The entire ground party was there, which was most of the salvage crew. There was Jerry, smoking one of those foul things he liked without regard for who else had to breathe it; Achmed, eating a pastry; and Sark, looking like he’d just climbed out of his suit and with a three-day growth of beard, slumped in a big oval chair with his eyes closed. Lucky Cross had on nothing more than a robe and sandals and was drinking very strong-looking stuff. Cross was the only person Queson had ever known who mixed powerful alcoholic drinks by color. This one was a pastel blue. It was in a beer mug, and she wasn’t exactly sipping it when she drank, either.
Five people in the whole ground salvage crew, but this five was all that was needed to handle even a major demolition and recovery like the colony back over the desert and against the cliffs. Once these big machines went to work, you only had to make sure they were doing what they were told to do.
Randi looked over at Cross. “Okay, Lucky, did you see what Jerry thinks he might have seen but won’t tell us about?”
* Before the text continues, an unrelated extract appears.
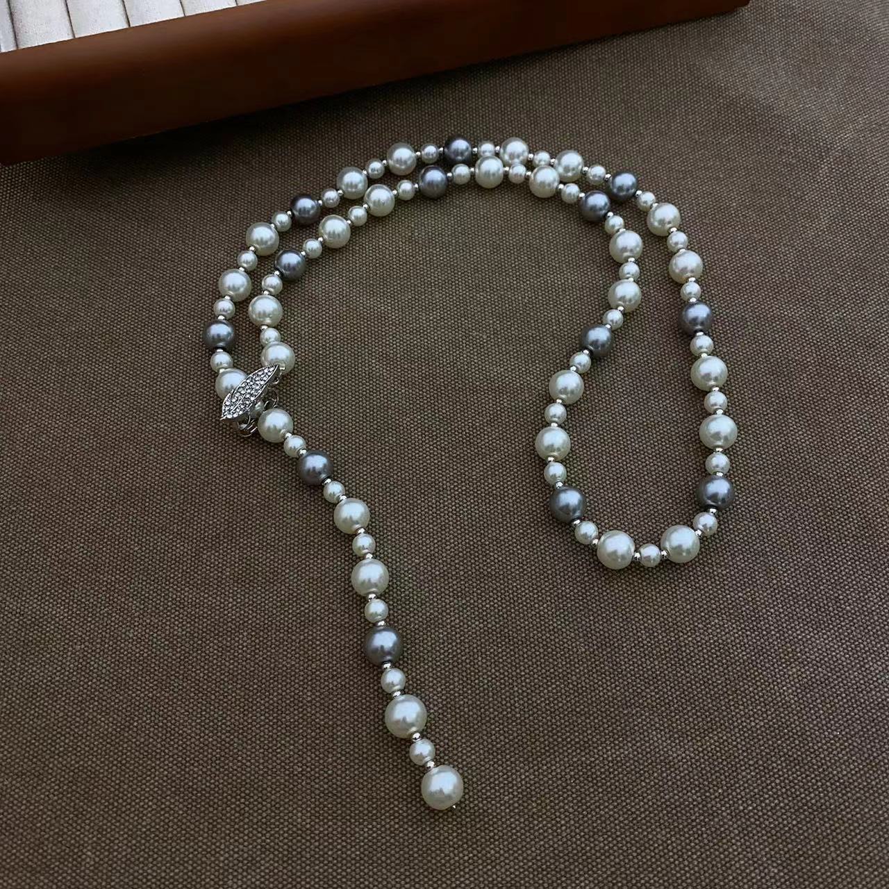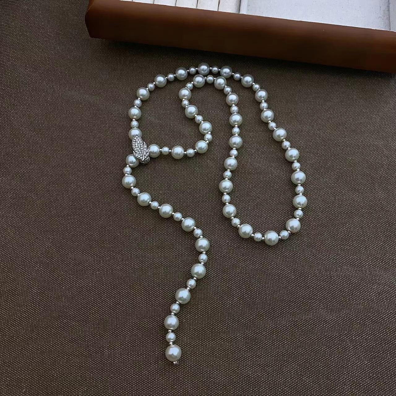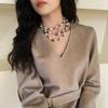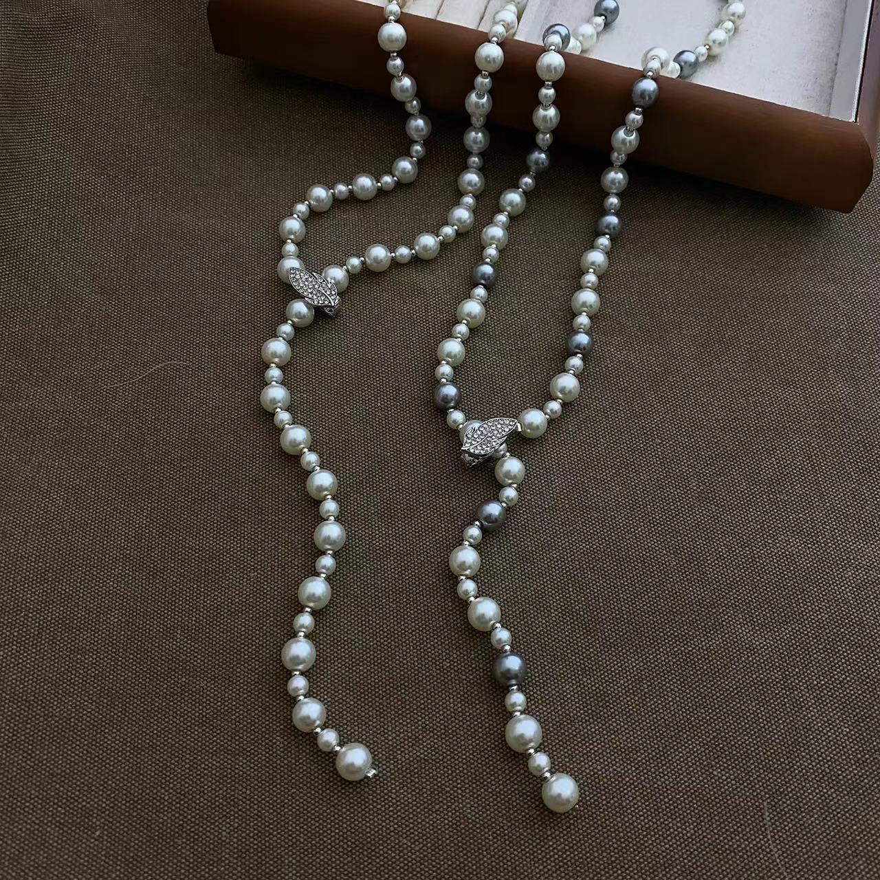 Collar largo de perlas de nuevo estilo para mujer, cadena de lana con perlas de hoja de árbol de alta gama, elegante, combina con todo, accesorios de otoño e invierno.

“Nope. Too busy battling those fucking winds to pay much attention to suit monitors. What did he think he saw, anyway?”
“As I said, he wouldn’t tell me. There’s no playback here?”
“Nope. It’s all up top at that moment. So, Jerry, you want to tell us about it or keep us in suspense?”
“Yeah, Nagel,” Achmed rumbled. “What the devil could scare you, anyway?”
Nagel reached over, picked up his beer, and swigged it, downing maybe half a liter before he paused. Then he gave a loud, ugly belch.
“Oh, Jerry! If you can’t mind your manners go outside and play!” Randi told him, not really grossed out but knowing that Jerry was putting on a performance, either to deflect questions or to show he wasn’t as frightened as she’d seen him. She wondered about that most of all. Was it unusual, or had she simply seen him for the first time with his guard down? It sure wasn’t down now.
“All right, Jerry, if that’s how comfortable you are, want to tell me what you saw when I was being lifted off?” she asked him.
He shrugged. “I still want to see the video, considering the situation and the visibility,” he replied, “but, if you must know, I thought I saw a kind of man climbing up the last part of that ladder.”
“A man? And that scared you?”
“Well, it didn’t make me feel great,” he told them. “I said it was a kind of man. All I saw was an arm and a head, but it had the usual requirements. Except that it wasn’t right. You remember the texture of that worm thing, whatever it was? Kind of an icky translucent character, like clear glues?”
“Yes. You mean—”
He nodded. “Yep. It was a man made out of that stuff. Not covered by it, made of it. Kind of like a man sculpted out of stiff water or fluid ice.”
The ship-to-surface intercom opened at that. “Hello, everybody,” An Li’s voice came to them. “I just overheard the description and it’s basically what we saw and what he said in the debriefing. Take a look. First, real time. Look real sharp!”
The holographic projector over the table in the center of the room showed some static, then suddenly became a three-dimensional replay, without sound, of those last awful moments on the roof, all from Jerry’s point of view. He was watching the shape of the shuttle emerge from the storm, then helping Randi position herself to grab the first cable. At that moment he seemed to hear or sense something and turned, and he looked back at the ladder. A right hand, then more of an arm came up as something was climbing the last rungs of the ladder. Then, quickly, there was a figure partially visible, and then Jerry turned and took a running leap and grabbed the second cable even though he wasn’t fully in position for it.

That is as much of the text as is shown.